An hourly chart shows the index trading within the confines of a newly formed descending channel formation with the dollar rebounding off soft support at 9975. Subsequent intra-day floors are seen at the 61.8% extension at 9945, former channel resistance and 9900. A topside break of the channel alleviates some of the pressure with topside resistance targets seen at 10,040, 10,060, and the 78.6% extension at 10,080. Look for the dollar to possibly drift lower before mounting its assault with dips in the index offering favorable long entries.

USD_Drifts_Amid_Thin_Trade_QE_Speculation-_Volume_to_Offer_Clarity_body_Picture_1.png, USD Drifts Amid Thin Trade, QE Speculation- Volume to Offer Clarity

The greenback fell against all four component currencies highlighted by a 0.21% decline against the British pound. Despite the sterling’s pullback off the 1.60-figure, our medium-term bias remains cautiously weighted to the topside with the daily chart offering a clearly defined ascending channel formation dating back to the January 13th low. We favor buying into sterling weakness noting that a break below the 23.6% Fibonacci extension taken from January 13th and March 12th troughs at 1.5775 negates our interim bias. The Japanese yen was the weakest performer of the lot with an advance of just 0.02%. The yen quickly pared early losses that saw the pair dip as low as 81.19 before rebounding to close just below interim resistance at 81.60. For complete USDJPY scalp targets refer to today’s Winners/Losers report.
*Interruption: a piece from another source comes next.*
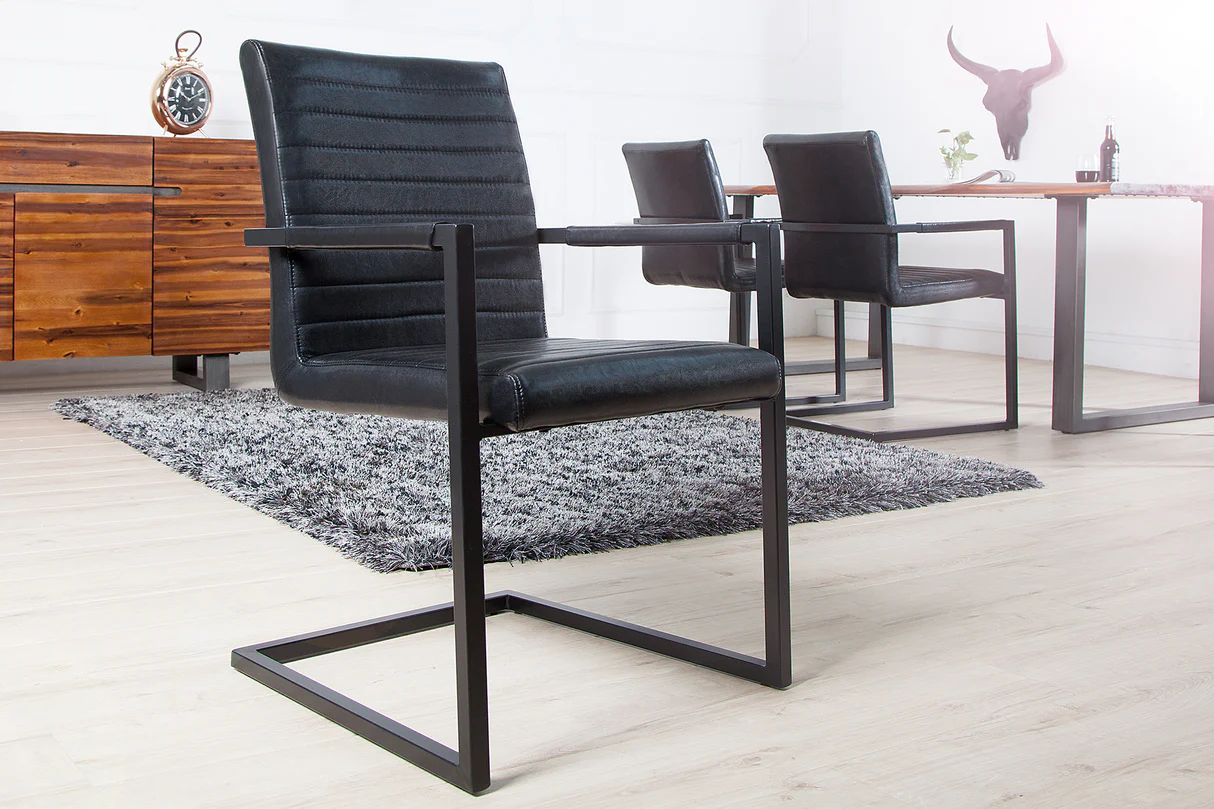 Táto elegantná stolička LOFT v čiernom prevedení zo syntetickej kože v čiernom prevedení s podrúčkami kombinuje moderný dizajn a komfort v jednom kuse nábytku. Rám bez zadných nôh dodáva stoličke vzdušnosť a optickú ľahkosť, zatiaľ čo podrúčky zvyšujú pohodlie pri sedení. Čierne prevedenie pôsobí elegantne, sofistikovane a hodí sa prakticky ku každému interiérovému štýlu – od minimalistického cez industriálny až po moderný kancelársky priestor.

Tomorrow’s economic docket is rather light with only business/economic surveys and the February wholesale inventory report on tap. However with European markets coming back online tomorrow for the first time since NFPs printed last Friday, investors will be closely eyeing equity performances with concerns over China now coming more into focus. Chinese CPI data last night topped expectations with the year on year print coming in at 3.6%, missing calls for a read of just 3.4% y/y. The data comes off a previous print of 3.2% y/y a month earlier and suggests that price growth in China may be gathering pace, limiting the PBoC’s scope to further ease policy. As concerns about a possible “hard landing” in China take root, look for risk to remain on the defensive with traders eagerly anticipating GDP data out of China this Friday. The dollar’s future hangs in the balance with the index likely to trade within a tight range ahead of key trade balance and inflation data later this week.